(Description of the task)
Find the line containing "46,740 രൂപയ്ക്കാണ് ഫോൺ" in the listing below. Repeat it exactly, along with each following line up to and including the one containing "Welcome to the".

(Task input)
---+---

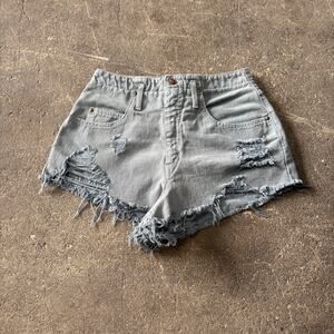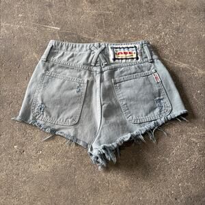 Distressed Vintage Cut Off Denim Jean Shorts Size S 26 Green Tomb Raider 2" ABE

---+---

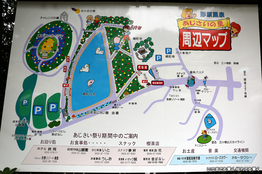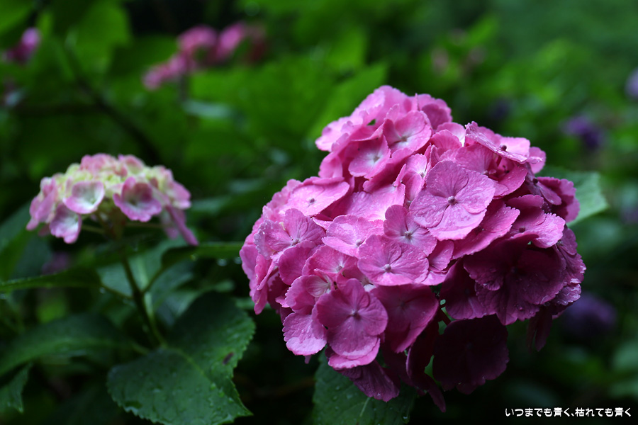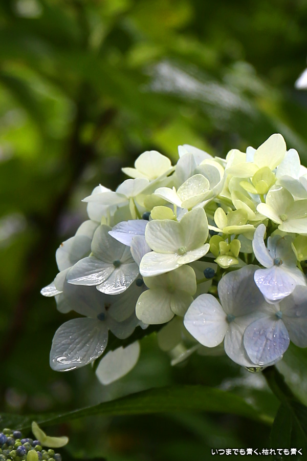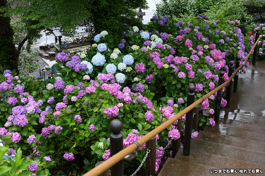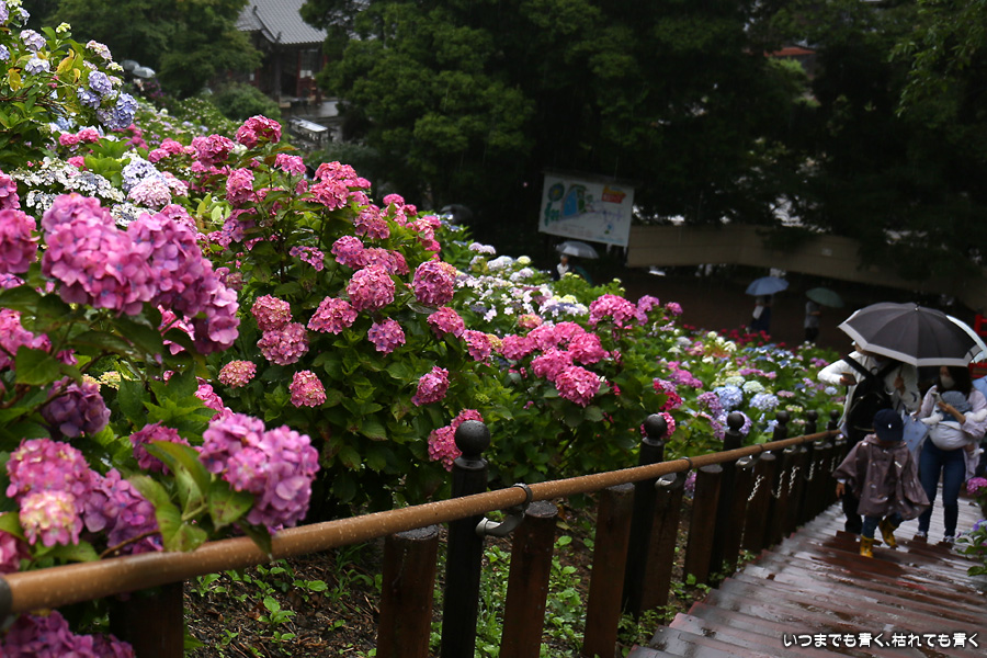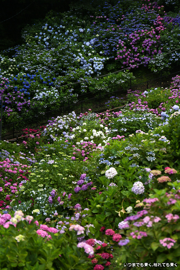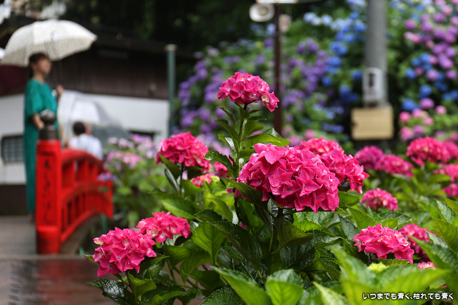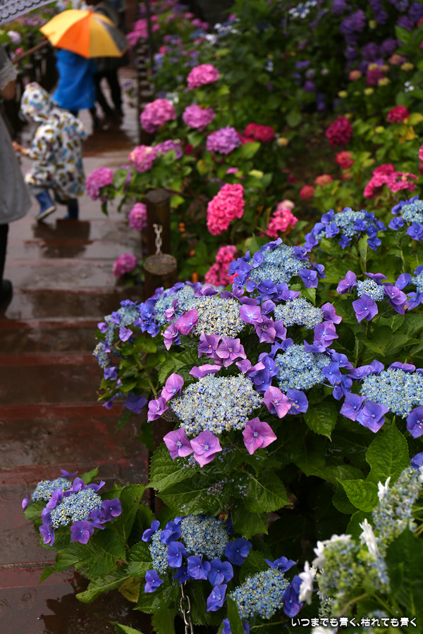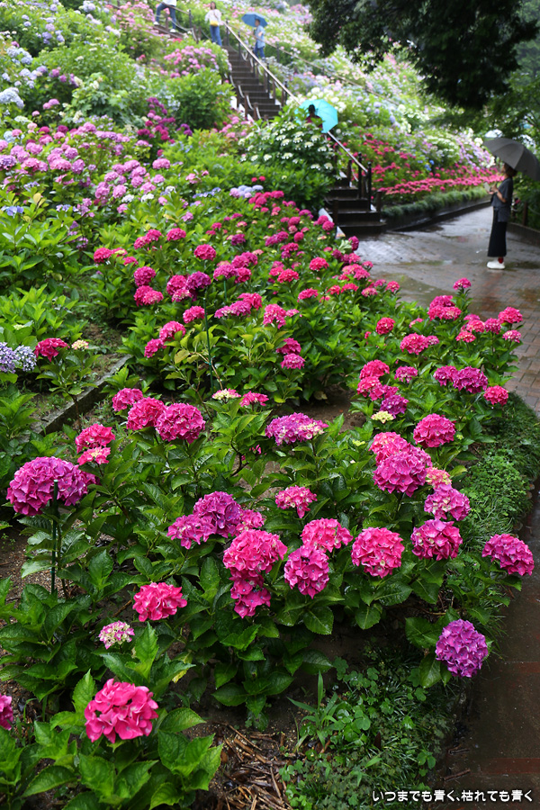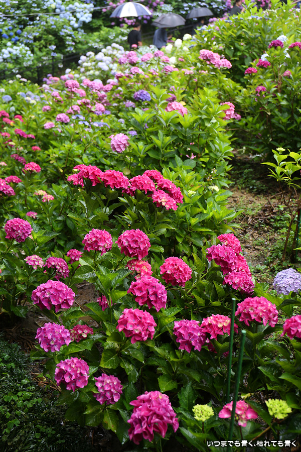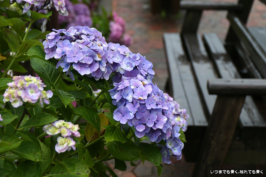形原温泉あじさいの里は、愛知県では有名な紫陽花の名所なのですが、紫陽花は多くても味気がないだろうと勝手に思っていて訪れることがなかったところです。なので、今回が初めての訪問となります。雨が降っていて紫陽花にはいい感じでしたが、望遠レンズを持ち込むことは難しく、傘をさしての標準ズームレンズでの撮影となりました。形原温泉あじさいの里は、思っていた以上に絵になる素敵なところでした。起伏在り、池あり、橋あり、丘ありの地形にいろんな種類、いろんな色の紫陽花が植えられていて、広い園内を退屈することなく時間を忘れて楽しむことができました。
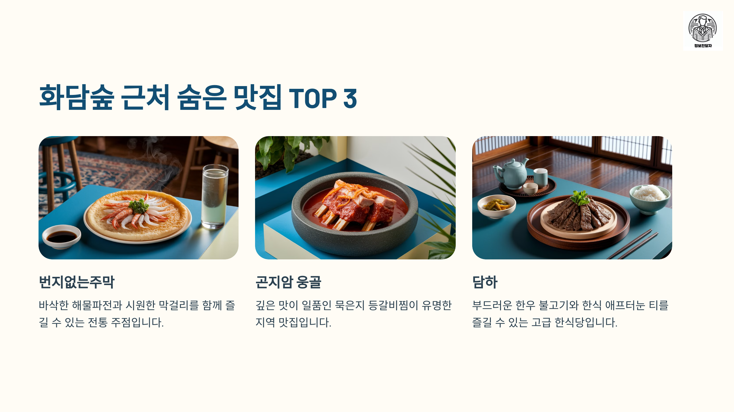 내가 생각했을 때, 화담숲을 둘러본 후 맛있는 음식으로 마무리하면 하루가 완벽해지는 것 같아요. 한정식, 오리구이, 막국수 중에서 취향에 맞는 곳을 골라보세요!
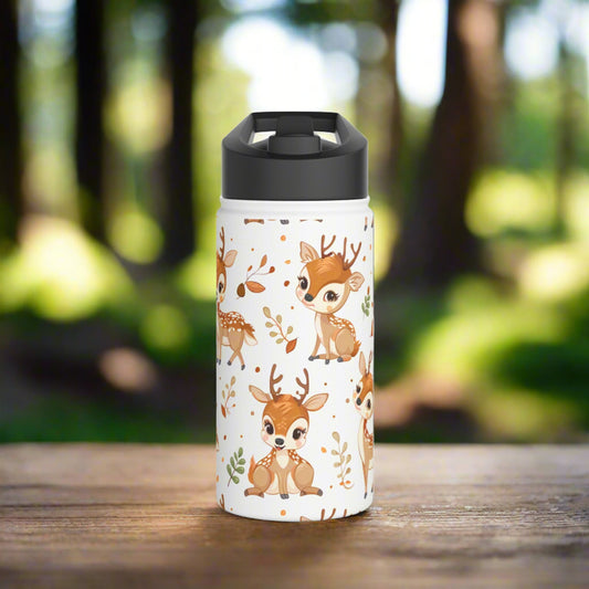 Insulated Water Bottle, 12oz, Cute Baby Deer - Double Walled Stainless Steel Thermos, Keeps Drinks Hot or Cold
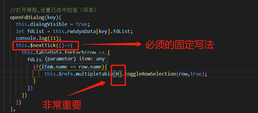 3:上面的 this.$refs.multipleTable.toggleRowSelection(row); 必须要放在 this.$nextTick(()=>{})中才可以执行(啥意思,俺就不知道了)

---+---

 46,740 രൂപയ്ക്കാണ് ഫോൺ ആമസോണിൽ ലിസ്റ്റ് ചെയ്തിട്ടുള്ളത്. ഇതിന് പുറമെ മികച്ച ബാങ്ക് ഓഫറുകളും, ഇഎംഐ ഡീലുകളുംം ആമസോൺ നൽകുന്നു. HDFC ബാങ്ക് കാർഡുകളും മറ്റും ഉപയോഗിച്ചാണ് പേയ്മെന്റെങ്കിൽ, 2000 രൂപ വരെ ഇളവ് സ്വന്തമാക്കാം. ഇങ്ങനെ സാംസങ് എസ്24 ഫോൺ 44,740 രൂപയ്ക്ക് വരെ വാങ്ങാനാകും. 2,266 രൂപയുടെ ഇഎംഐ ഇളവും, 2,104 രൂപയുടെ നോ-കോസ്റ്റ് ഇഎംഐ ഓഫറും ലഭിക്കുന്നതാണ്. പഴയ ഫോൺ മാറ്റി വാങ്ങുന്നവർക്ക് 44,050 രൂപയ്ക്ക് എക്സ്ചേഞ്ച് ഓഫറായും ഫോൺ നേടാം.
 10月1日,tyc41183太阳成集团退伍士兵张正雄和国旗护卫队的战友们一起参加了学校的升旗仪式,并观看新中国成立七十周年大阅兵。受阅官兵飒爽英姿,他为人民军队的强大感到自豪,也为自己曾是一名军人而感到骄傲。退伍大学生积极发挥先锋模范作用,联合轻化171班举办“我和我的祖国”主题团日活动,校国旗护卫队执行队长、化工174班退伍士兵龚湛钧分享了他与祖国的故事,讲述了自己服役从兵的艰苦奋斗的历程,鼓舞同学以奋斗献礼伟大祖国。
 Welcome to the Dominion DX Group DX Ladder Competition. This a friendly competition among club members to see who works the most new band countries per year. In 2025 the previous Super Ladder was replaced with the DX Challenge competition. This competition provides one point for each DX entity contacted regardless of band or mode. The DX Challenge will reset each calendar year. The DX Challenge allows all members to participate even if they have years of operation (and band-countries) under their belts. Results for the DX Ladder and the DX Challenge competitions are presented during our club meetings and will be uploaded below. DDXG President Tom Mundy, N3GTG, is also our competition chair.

---+---

(Response below)
 46,740 രൂപയ്ക്കാണ് ഫോൺ ആമസോണിൽ ലിസ്റ്റ് ചെയ്തിട്ടുള്ളത്. ഇതിന് പുറമെ മികച്ച ബാങ്ക് ഓഫറുകളും, ഇഎംഐ ഡീലുകളുംം ആമസോൺ നൽകുന്നു. HDFC ബാങ്ക് കാർഡുകളും മറ്റും ഉപയോഗിച്ചാണ് പേയ്മെന്റെങ്കിൽ, 2000 രൂപ വരെ ഇളവ് സ്വന്തമാക്കാം. ഇങ്ങനെ സാംസങ് എസ്24 ഫോൺ 44,740 രൂപയ്ക്ക് വരെ വാങ്ങാനാകും. 2,266 രൂപയുടെ ഇഎംഐ ഇളവും, 2,104 രൂപയുടെ നോ-കോസ്റ്റ് ഇഎംഐ ഓഫറും ലഭിക്കുന്നതാണ്. പഴയ ഫോൺ മാറ്റി വാങ്ങുന്നവർക്ക് 44,050 രൂപയ്ക്ക് എക്സ്ചേഞ്ച് ഓഫറായും ഫോൺ നേടാം.
 10月1日,tyc41183太阳成集团退伍士兵张正雄和国旗护卫队的战友们一起参加了学校的升旗仪式,并观看新中国成立七十周年大阅兵。受阅官兵飒爽英姿,他为人民军队的强大感到自豪,也为自己曾是一名军人而感到骄傲。退伍大学生积极发挥先锋模范作用,联合轻化171班举办“我和我的祖国”主题团日活动,校国旗护卫队执行队长、化工174班退伍士兵龚湛钧分享了他与祖国的故事,讲述了自己服役从兵的艰苦奋斗的历程,鼓舞同学以奋斗献礼伟大祖国。
 Welcome to the Dominion DX Group DX Ladder Competition. This a friendly competition among club members to see who works the most new band countries per year. In 2025 the previous Super Ladder was replaced with the DX Challenge competition. This competition provides one point for each DX entity contacted regardless of band or mode. The DX Challenge will reset each calendar year. The DX Challenge allows all members to participate even if they have years of operation (and band-countries) under their belts. Results for the DX Ladder and the DX Challenge competitions are presented during our club meetings and will be uploaded below. DDXG President Tom Mundy, N3GTG, is also our competition chair.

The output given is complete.